Under Options -> DDFM1, fill in the following options:

Instance Description – This is a brief description of what you are using the instance for. All instances, and their descriptions, are listed on the main (DDFM-Main) options page, so you can easily keep track of them.

Contact page – Enter the full URL of your newly created contact page.

Recipients – Enter your email address.

Click Update options and you are finished! If you would like to learn more about the other features of this plugin, please continue reading.

Initial Configuration

After activating the plugin, you will have a new options page in the admin panel – DDFM-Main. These are the settings that apply to all instances of the plugin:

Instances – The number of contact forms this plugin will generate. If you just need a single contact form, leave this set to 1.

Current Instances – This is a list of the instances you currently have activated. It also displays the description for each instance. You can easily navigate to a particular instance from this page.

Image Verification Method – There are three choices for image verification. It can be disabled, you can use the script’s built-in system (a simple captcha – requires GD support on the server), or you can use the reCAPTCHA system (requires signing up for a free account)

Basic Method Options – If using the basic image verification method, you can choose the text and background color for the image (3 or 6 digit hex codes). By default, the script will try and choose the best file format for the verification image, but if it gives you any problems, you can manually specify the format to see what works best for your server.

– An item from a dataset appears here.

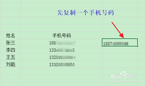 还有一种对齐体例就是手机号码分段对齐,因为手机号码比力长,为了不被看错,我们一般会将其分段显示,这个时辰就要用到排列对齐了,具体方式如下:我们首先复制此中一组手机号;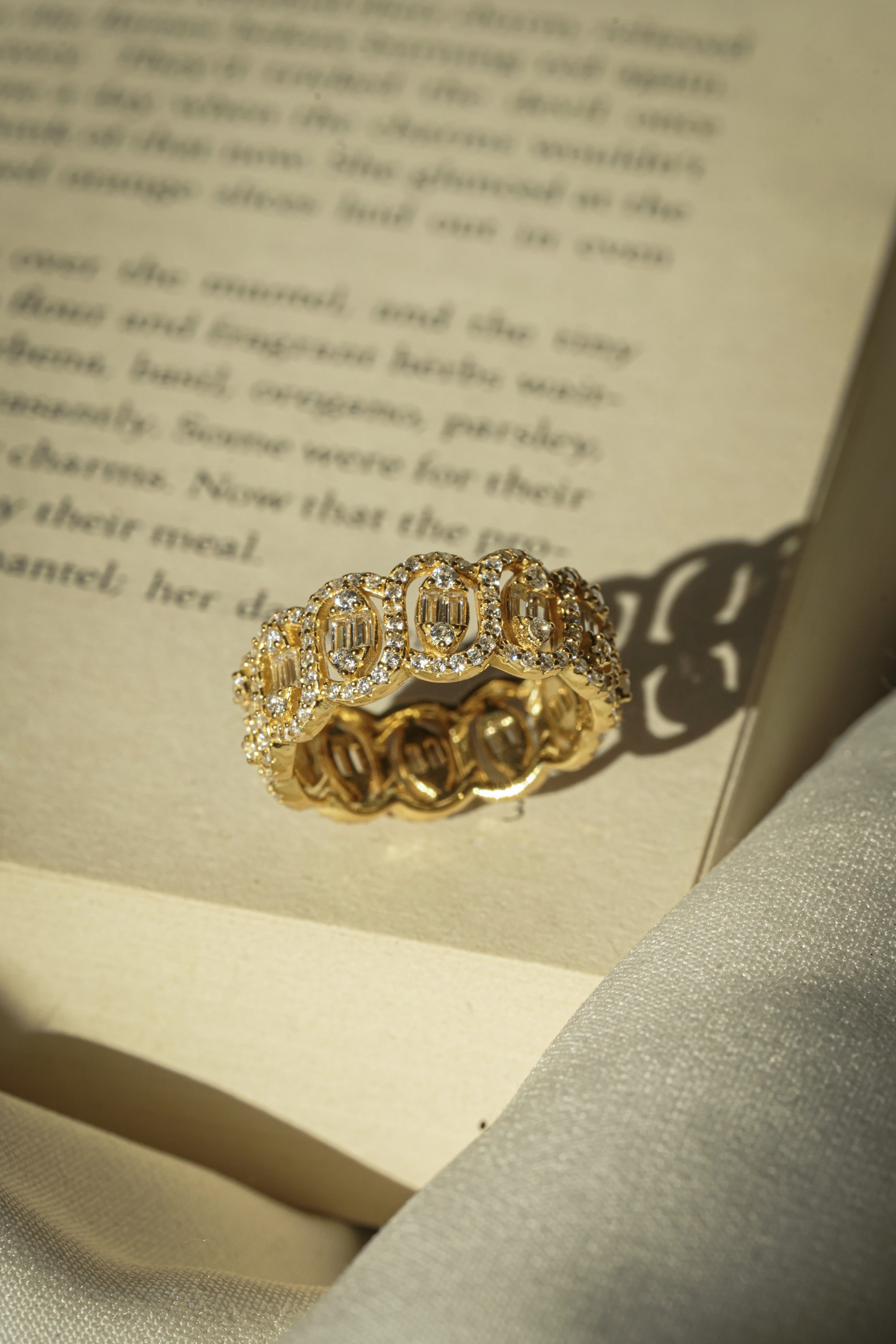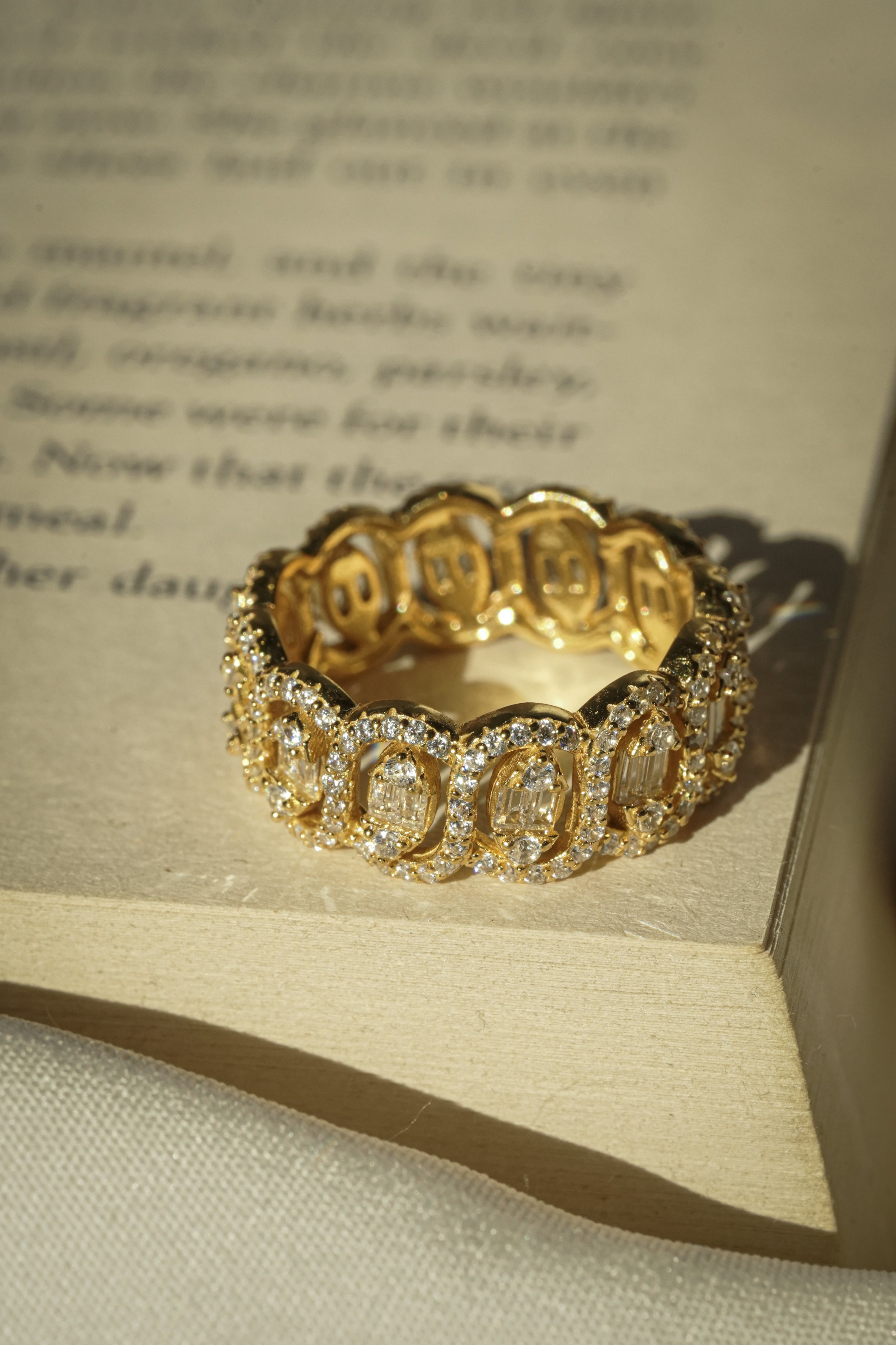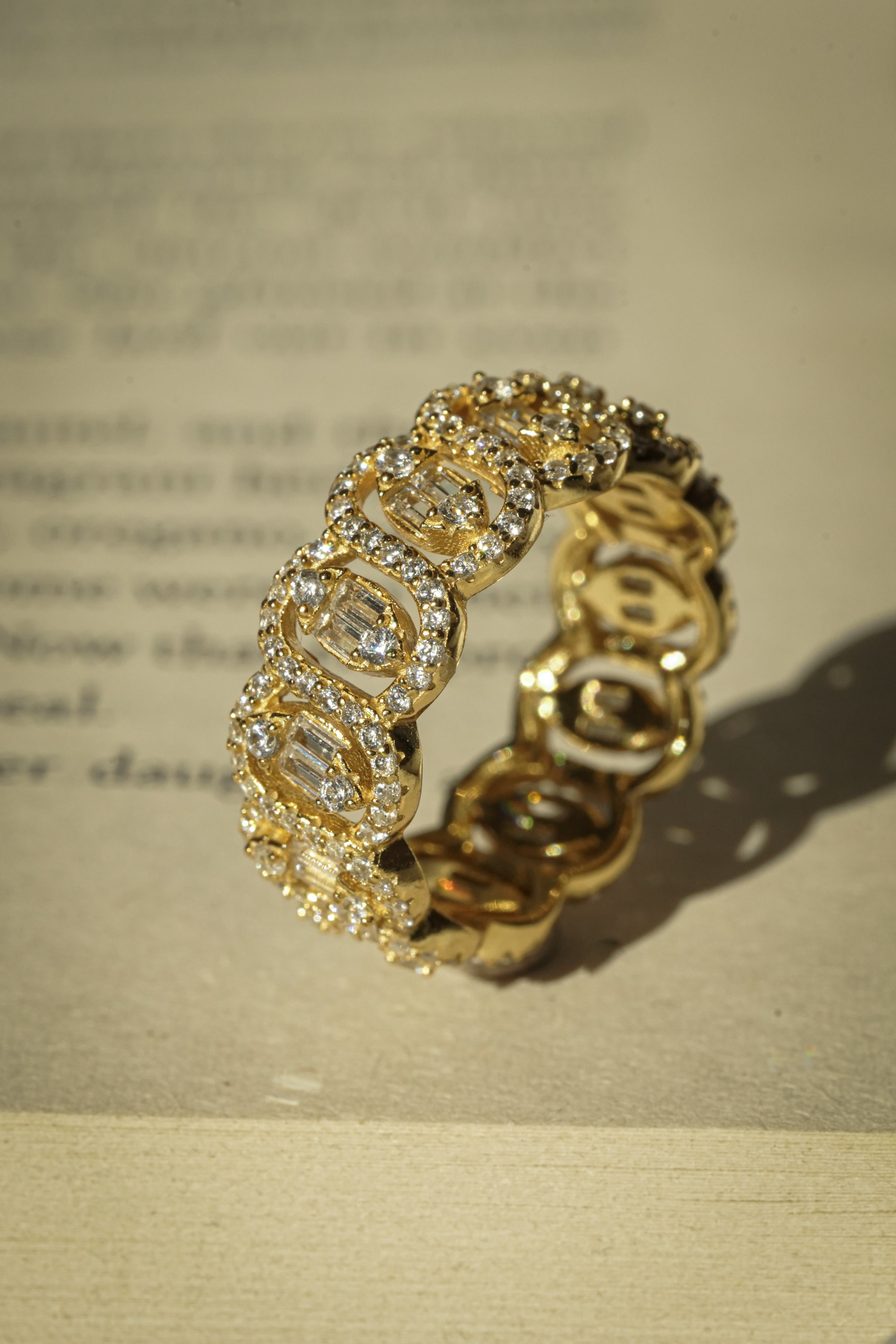 A bold, luxurious eternity band featuring alternating Zirconia shapes set in rich Gold Plating. Crafted from fine 925 Sterling Silver and authenticated by the official Kuwait Ministry stamp.

reCAPTCHA Method Options – If using the reCAPTCHA image verification method, you must enter the public and private keys given to you at the reCAPTCHA website. These are used to generate the verification form.

A ‘Load Default Options’ button is available if you wish to reset the settings on this page.

Each instance you create will have its own options page – DDFM1, DDFM2, etc. This is where you configure the settings for each individual form. These settings are listed below.

Form Configuration

These are the settings found on the options page for each instance:

Language – The language you want to use. To create a new language, simply duplicate the existing English.php file (in the plugins lang subdirectory), give it a new name, and edit it for your language. It will then automatically appear in this list (after reloading the page).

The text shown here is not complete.